Task statement:
What are the lines, copied exactly, from the one containing "YRTCL 316L Çelik" through the final line of the material? Leave the pictures out.

Given records:
####################

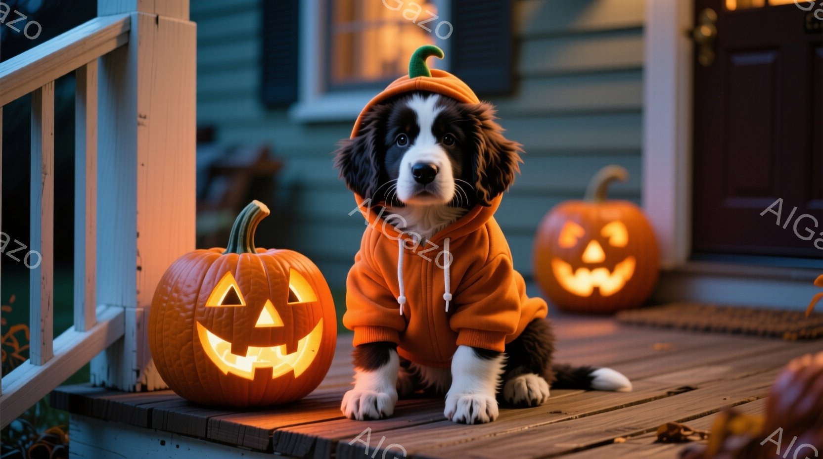 暖炉の光が灯る玄関先に、ハロウィーンの衣装を着た犬が座っている。オレンジ色のパーカーのような衣装は可愛らしく、犬の表情は穏やかで、まるでハロウィーンを楽しんでいるようだ。背景には、様々な大きさのジャック・オ・ランタンが置かれ、落ち葉が散らばるウッドデッキが秋の訪れを感じさせる。
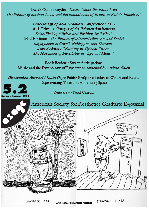 From 2012-2014 I served as the Managing Editor of ASAGE, the American Society of Aesthetics Graduate E-journal. One of my many duties was conceiving the look and layout of the cover.
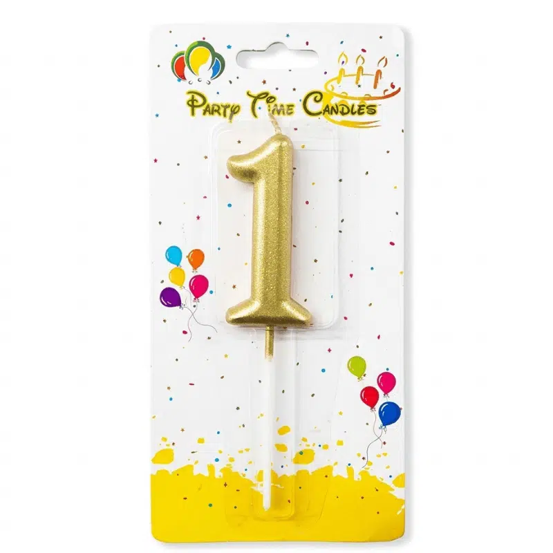 1 Golden Number Candle features a sleek golden finish, perfect for first birthdays and milestone celebrations, available at only 1 OMR.
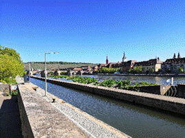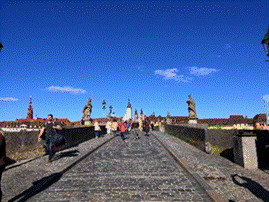 同时,维尔兹堡是德国浪漫之路的的开端之城,浪漫之路北起维尔兹堡,一路向南穿越河谷,农田,森林,草地以及山峦,途径中世纪小镇罗滕堡、丁克尔斯比尔以及著名城市慕尼黑,落脚在阿尔卑斯小镇菲森,全程366公里。参加FHWS夏季实训的深技大学子所居住的旅社便位于浪漫之路起始,贯穿维尔兹堡的美因河旁。在不远处,便是横跨美因河的老美因桥,每当到了下午五六点,桥上总是站在许多年龄各不相同的当地居民,人手一杯白葡萄酒,赏着河边美景,迎着拂面微风,与身边的人畅谈生活,这是多么美妙和谐的一幅画卷。
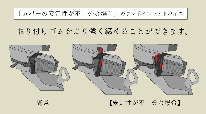 上カバーを装着する際はマジックテープを張り付けるだけの単純な作業となり、取り付けの際にマジックテープを少し下目に装着すれば、シートの穴をふさいで装着することができます。そのため、雨などは侵入しづらくなります。
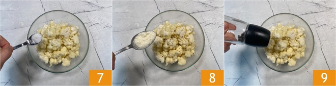 Añade también la sal 7, el Parmigiano Reggiano rallado 8 y una pizca de pimienta negra 9.
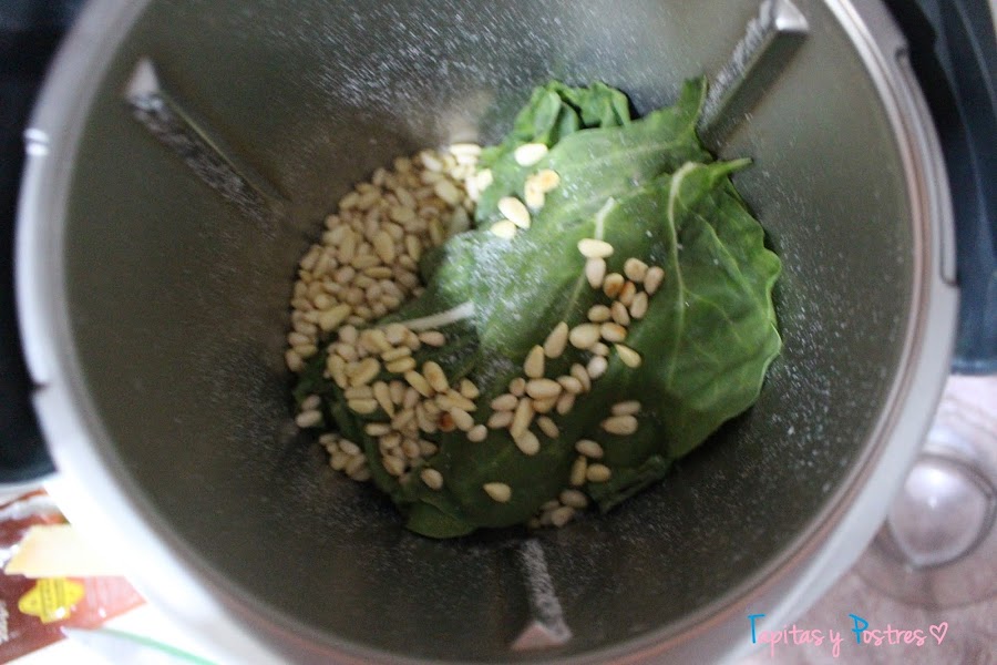 Agregamos los piñones tostados, las hojas de acelgas lavadas y secas, el diente de ajo y la sal. Trituramos 15 segundos a velocidad 6-8.
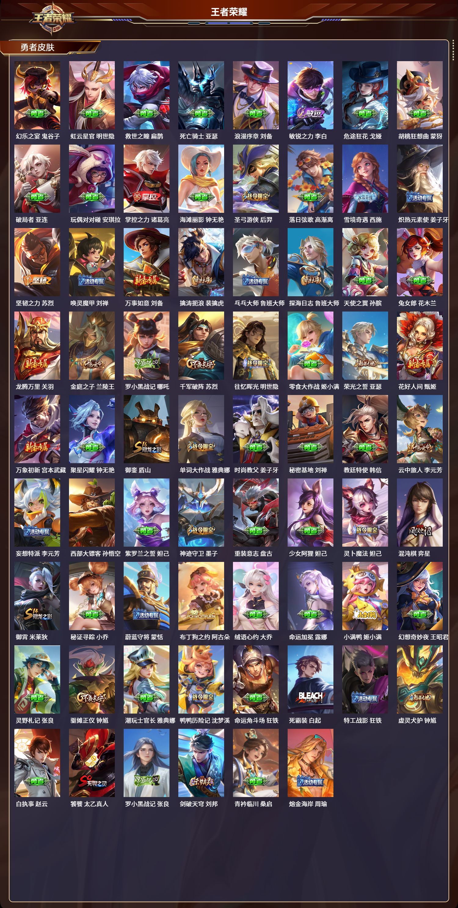 苹果QQ/永恒钻石/342皮肤/127英雄/2典藏/1珍品无双/2无双/2珍品传说/32传说/112
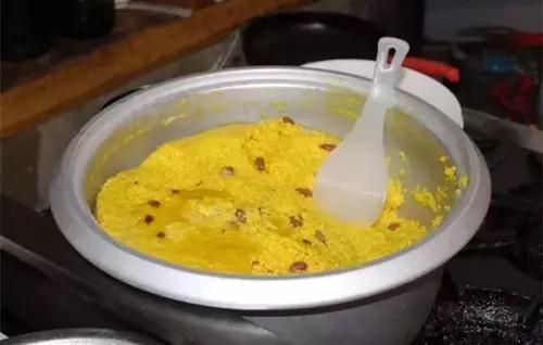 一定要用豆油煎黄米饭,颜色金黄,味道也香。
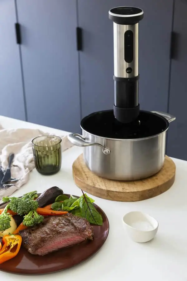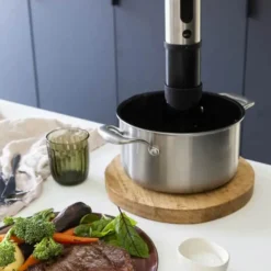 Staven sættes direkte ned i et vandbad, hvor de vakumpakkede råvarer befinder sig. Lad sous vide-staven gøre arbejdet og du har et mørt og lækkert resultat.
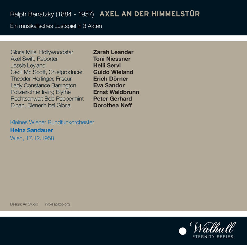 Axel an der Himmelstür, Ralph Benatzky’s (1884-1957) operetta that had its premier in 1936, made an overnight star of soprano Zarah Leander,...
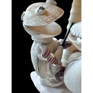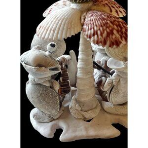Handcrafted Shell Turtle Musician Figurines Under Palm Tree 4" T Vintage
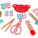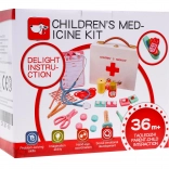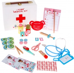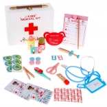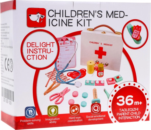 Ten drewniany zestaw lekarski zawiera wszystko, czego mały lekarz potrzebuje do opieki nad swoimi pacjentami. Zawiera 30 różnych części, które kształtem i kolorami przypominają prawdziwe narzędzia lekarskie. Dzięki temu zestawowi dzieci nie tylko pokonują strach przed lekarzami, ale także cieszą się grą pełną wyobraźni i radości. Poszczególne elementy zestawu są przyjazne i kolorowe, co gwarantuje, że dzieci będą chciały je odkrywać.
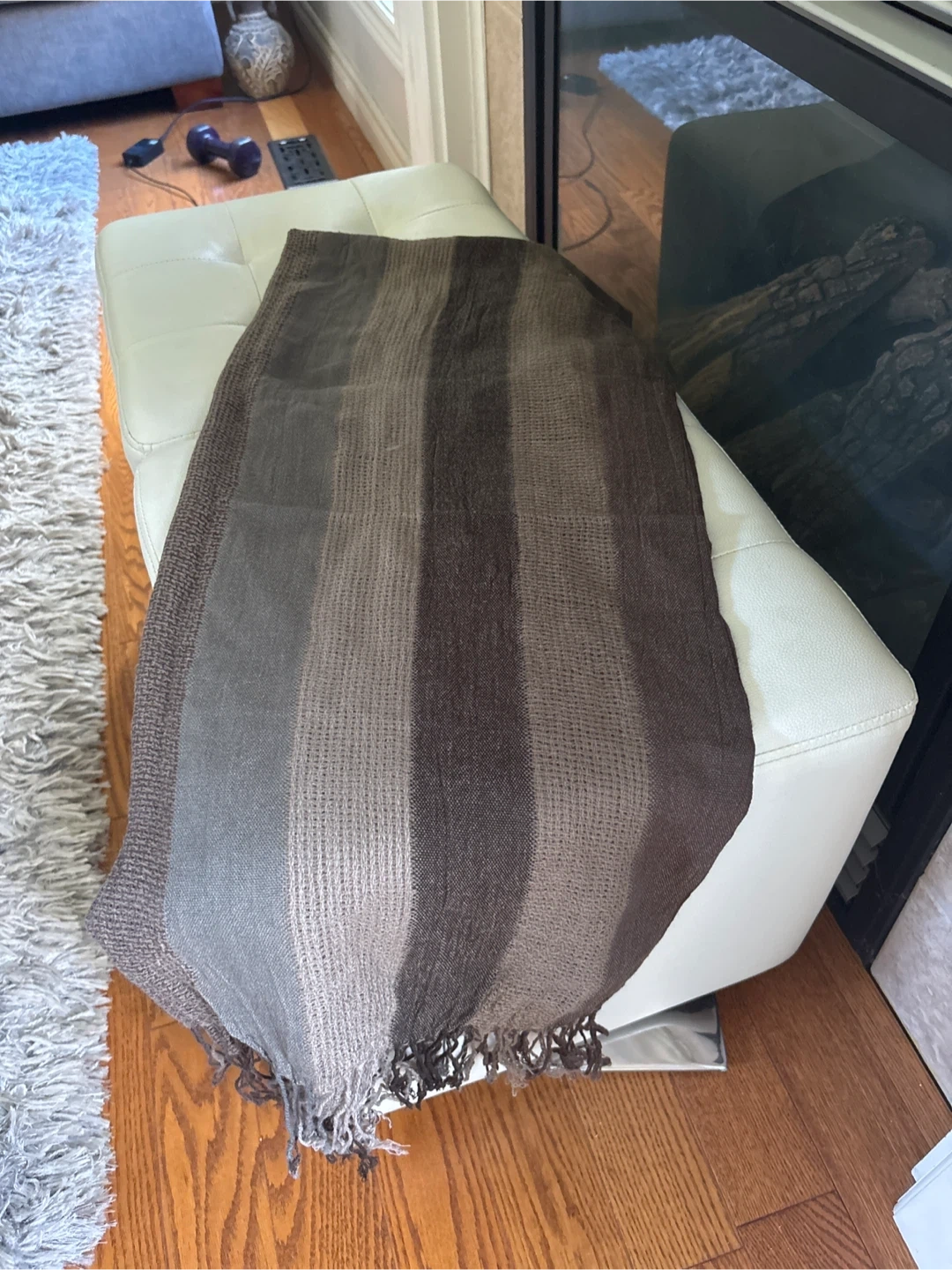 Cozy RW&CO. scarf in a lovely brown striped pattern! Made of 100% acrylic, it's perfect for adding a touch of warmth and style to any outfit. The fringe detailing adds a nice touch!
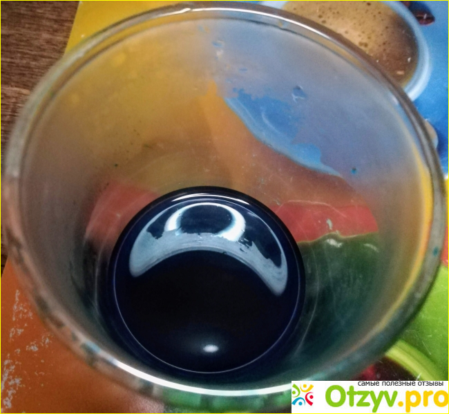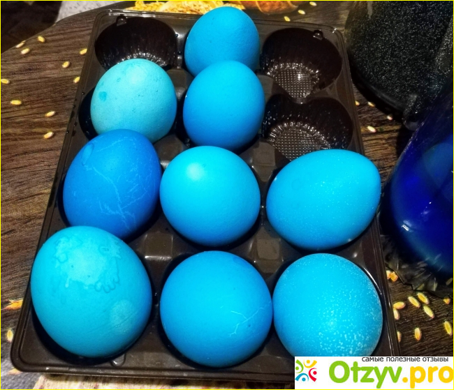 Краситель оказался не очень удобным в использовании, так как пачкал пальцы и отмывался не сразу. Я опустила яйца по одному в готовый раствор и держала их в нем 5 минут, как написано на упаковке. Однако, результат не был таким, как я ожидала. Яйца получились голубого цвета, прозрачные и ненасыщенные. Получилось не плотное окрашивание, которое подтекало.
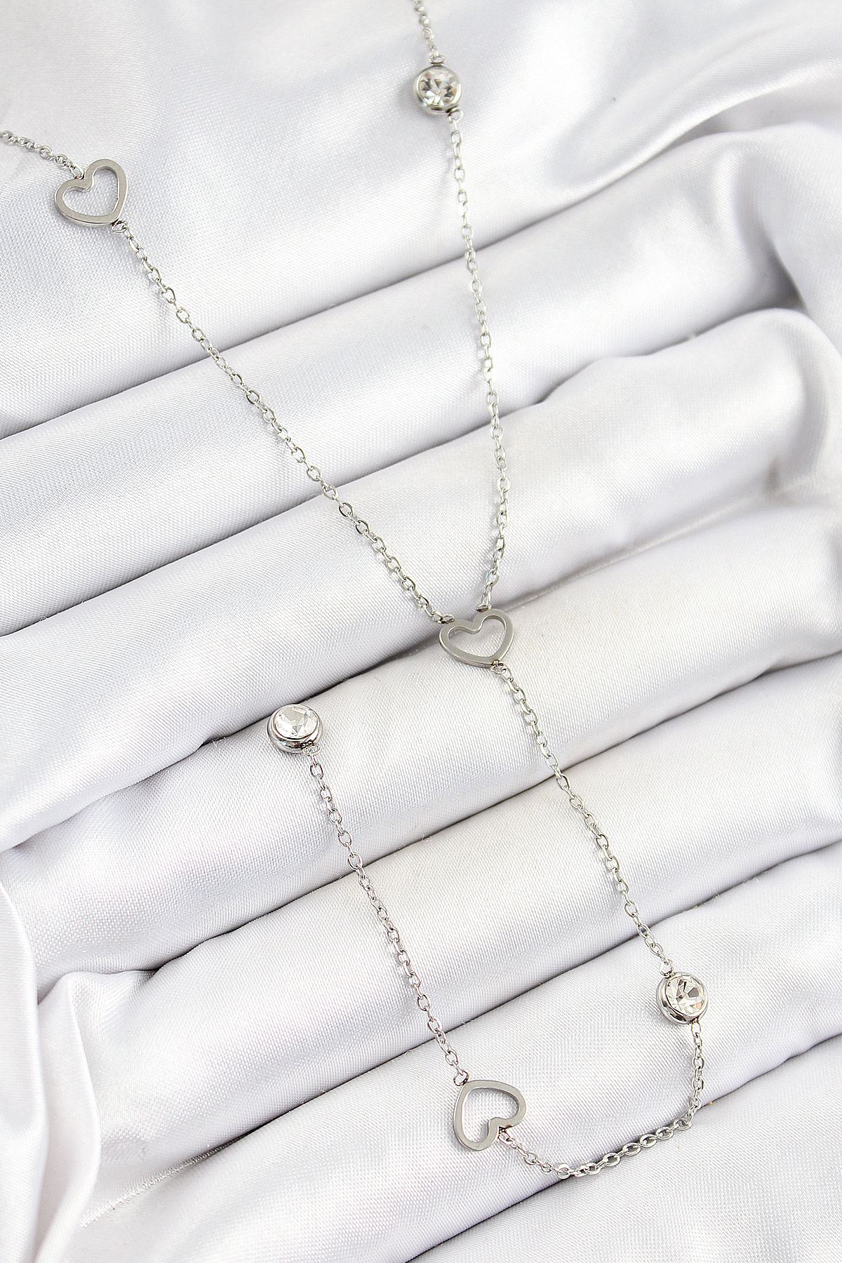 YRTCL 316L Çelik Zirkon Taşlı Kalp Figürlü Y Model Gümüş Renk Kadın Kolye
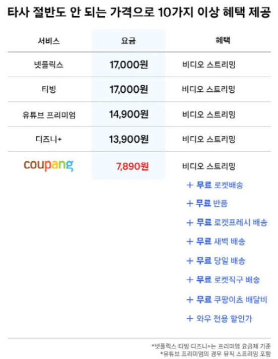 현재 쿠팡은 넷플릭스, 티빙, 유튜브, 디즈니+와 비교하면서, 쿠팡의 멤버십 요금은 타사 대비 많이 저렴하다는 것을 강조하고 있습니다. 최근 중국의 유통 공룡인 알리바바가 알리익스프레스를 통해 국내시장에 1.5조 원을 투자하겠다고 밝히자, 쿠팡은 그 2배인 3조 원을 투자하겠다며 맞불을 놓았습니다. 알리익스프레스가 초저가 방식으로 유통마진을 사실상 포기하는 상황에서 쿠팡의 멤버십 요금은 비싸다는 인식을 심어줄 수 있는데, 알리익스프레스의 전략을 쿠팡이 어떻게 막을 수 있을지 지켜보는 것도 재밌을 것 같습니다.
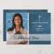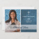 Seu filho ou filha está se formando na Escola Cristã? Christian College ou Seminário? Informe seus amigos e familiares que agora são um formando com este anúncio personalizado de imagem em azul com cruz. Mostrado aqui para um segundo grau, você pode usar este convite para qualquer nível de educação de mais alto. Personalize-o com sua própria foto, nome e data para uma única memória de manutenção. Os detalhes da parte traseira podem ser personalizados com seu próprio texto.
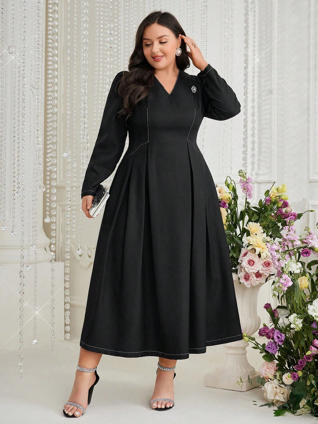 Plus Size Diamond Decorated Long Sleeve Dress Long Evening Dresses
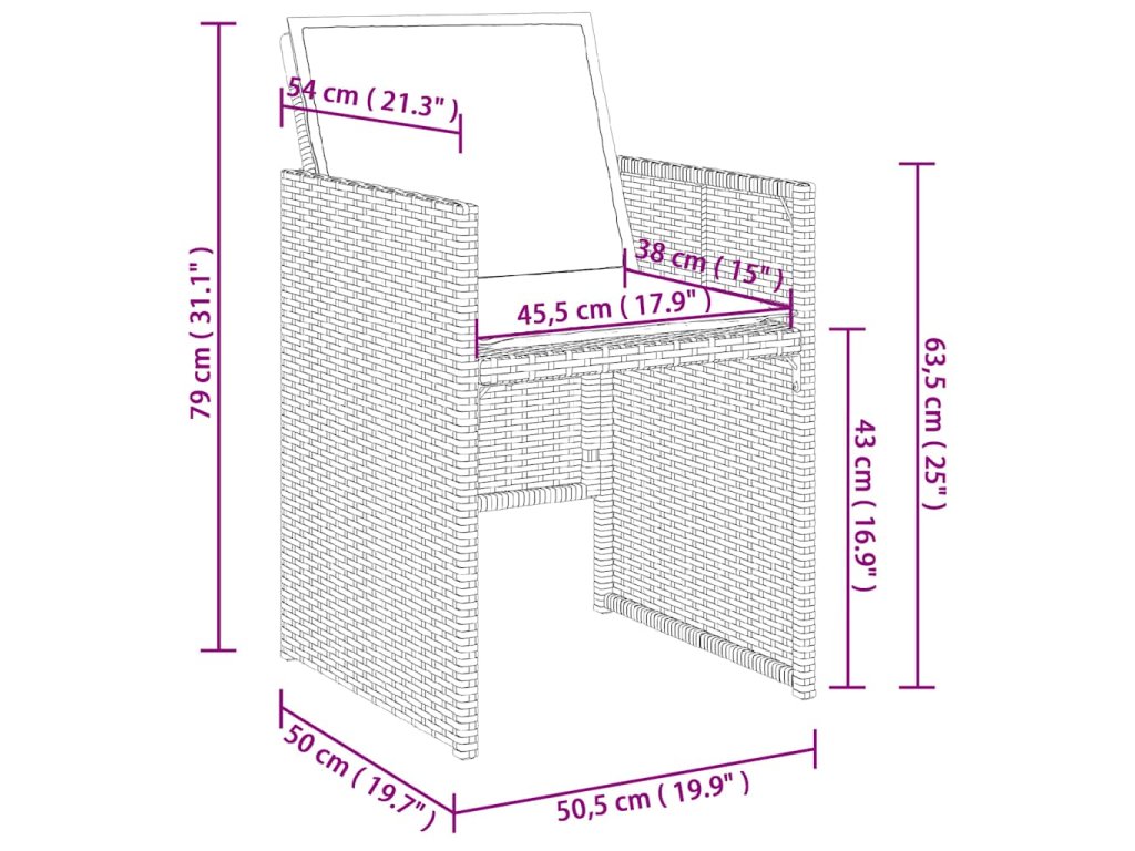 - Materiál: PE ratan, práškově lakovaná ocel, masivní akáciové dřevo s olejovou povrchovou úpravou

####################

Output of the task:
 YRTCL 316L Çelik Zirkon Taşlı Kalp Figürlü Y Model Gümüş Renk Kadın Kolye
 현재 쿠팡은 넷플릭스, 티빙, 유튜브, 디즈니+와 비교하면서, 쿠팡의 멤버십 요금은 타사 대비 많이 저렴하다는 것을 강조하고 있습니다. 최근 중국의 유통 공룡인 알리바바가 알리익스프레스를 통해 국내시장에 1.5조 원을 투자하겠다고 밝히자, 쿠팡은 그 2배인 3조 원을 투자하겠다며 맞불을 놓았습니다. 알리익스프레스가 초저가 방식으로 유통마진을 사실상 포기하는 상황에서 쿠팡의 멤버십 요금은 비싸다는 인식을 심어줄 수 있는데, 알리익스프레스의 전략을 쿠팡이 어떻게 막을 수 있을지 지켜보는 것도 재밌을 것 같습니다.
 Seu filho ou filha está se formando na Escola Cristã? Christian College ou Seminário? Informe seus amigos e familiares que agora são um formando com este anúncio personalizado de imagem em azul com cruz. Mostrado aqui para um segundo grau, você pode usar este convite para qualquer nível de educação de mais alto. Personalize-o com sua própria foto, nome e data para uma única memória de manutenção. Os detalhes da parte traseira podem ser personalizados com seu próprio texto.
 Plus Size Diamond Decorated Long Sleeve Dress Long Evening Dresses
 - Materiál: PE ratan, práškově lakovaná ocel, masivní akáciové dřevo s olejovou povrchovou úpravou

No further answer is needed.